По Московской земле вставала, закипала ожесточенная религиозная война неслыханного еще в человеческой истории русского образца: чтобы не согрешить насилием над насильниками, чтобы избежать самим великого греха насилия, русские лесные простецы истребляли не своих насильников, а жгли самих себя, добровольным страданьем своим избавляя от греха само жестокое к ним государство, отдавая ему, государству, не только все свое добро, а и саму жизнь.
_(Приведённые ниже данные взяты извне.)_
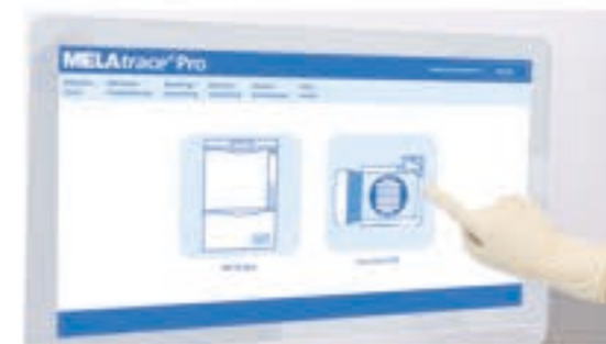
✓ Documentation & approval with MELAtrace®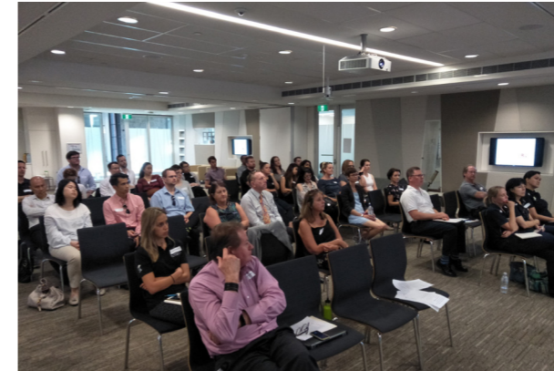
Listeria Workshop – WA

In 2018 webinars were a popular and convenient learning option with a range of topics and presenters. All the webinars were recorded and available to members free of charge on the AIFST website.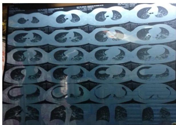
Figure 2: CECT CHEST B/L lower lobe ground glass opacifications

Predisposing factors for early development of HAPO and HACE are rapid rate of ascent, prior history of high altitude illness, severe exertion, young and tender age, male sex, respiratory tract infection, cold environment, abnormalities of cardiopulmonary circulation and smoking. 1,8 The risk factors present in studied patient were young age, male sex, rapid ascent without proper acclimatization and smoking. HACE is usually not encountered below 9840 ft and HAPO is also rare below this altitude. 9 In earlier studies, HAPO and HACE as comorbidity were seen at super high-altitude areas above 23000 ft. 7 However, in this particular case the altitude was only 12000 ft. Hence the interrelationship between simultaneous occurrence of HAPO and HACE to altitude cannot be established.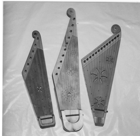
Figure 1. Three carved Baltic psalteries included in a previous study, from left: AP1, AH19 and KD9.

Latvia. It has 12 strings and a soundhole rosette symbolizing a sun-wheel with six rays at the center, surrounded by an array of 18 small circular holes, plus two other rosettes, each with six small circular holes. The tuning is diatonic, in the key of C, from G3 through D5.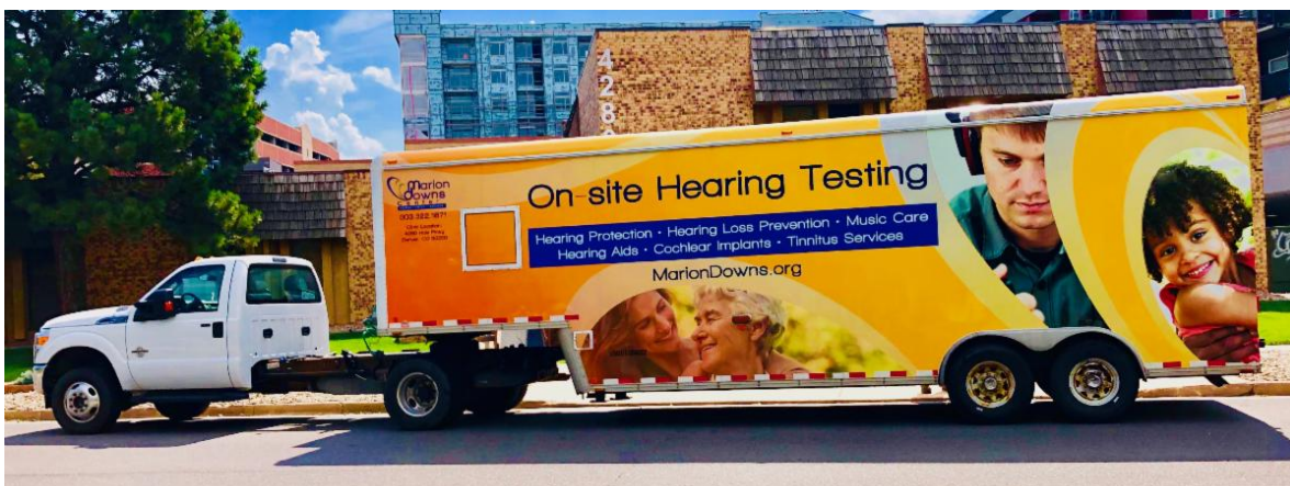
Marion Downs Center's On-Site Hearing Testing Trailer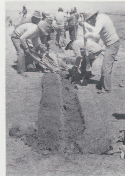
6 (above) Members of the Community of Segunda Collana using footplows to cut sod blocks from old canals for the retaining walls for rebuilding the raised field platforms in Viscachani Pampa, Huatta (October 1985).

anean courtyards (see K. Chávez, this issue). Tiahuanaco (A.D. 300-1000), one of the most impressive Andean sites, probably had its humble beginnings at this time and rapidly grew to influence most of southern Peru and the Bolivian highlands by A.D. 500 through its control of long-distance trade, its colonies, and religious missionization (Browman 1978). Tiahuanaco subsequently collapsed and was replaced by several competing Aymara kingdoms around A.D. 1000. These in turn were conquered by the Inca empire around A.D. 1450. Earlier hypotheses suggested that construction of raised fields and terracing was related to the later cultures, when population stress resulted in the development of labor-intensive agricultural technology, and a centralized bureaucracy was available to plan, direct, and manage the agricultural systems (Smith et al. 1968; Kolata 1986).

Религиозная народная война такого размаха ослабляла Москву в международном отношении. Как можно было Москве при ней добиваться прочного и достойного мира с Польшей и тем более польской короны, ежели само государство колебалось в своем основании — в народе? К тому же религиозная война была на краю перехода в гражданскую, так как не все же черные люди непротивленно бежали в леса и жгли себя, — большинство бежали на Волгу и на Дон, оттуда грозя мятежом.
Полтора года прожил протопоп в Мезени, когда зимой снова на оленях пригнали по его душу стрельцы: протопопа требует Москва на суд церковного Собора! Схватили его, увезли, с ним двух сынов — Ивана да Прокопа — и 1 марта уже представили в Москву, на Крутицкое подворье.
Павел, новый митрополит Крутицкий, с протопопом сперва был ласков.
— Что ж ты, протопоп, и нас и себя-то мучишь? — качал головой Павел-митрополит. — Зачем царя гневишь? Будь с нами, Аввакумушко, а?
— Ты бес! Не митрополит! — кричал Аввакум. — Не приемлю! Давай бумаги, сказку тебе про то отпишу…
За гневной сказкой той пришел к протопопу дьяк Кузьма да с ним подьячий с патриаршьего двора. И Кузьма вдруг шепчет Аввакуму:
— Мы вот тебя уговариваем, а ты, протопоп, от старого благочестия-то не отступай! Не-ет! До конца все претерпишь, велик ты будешь человек! Ты на нас не гляди — мыто погибаем. Опутал нас Никон… Погибае-ем!.. Эх!..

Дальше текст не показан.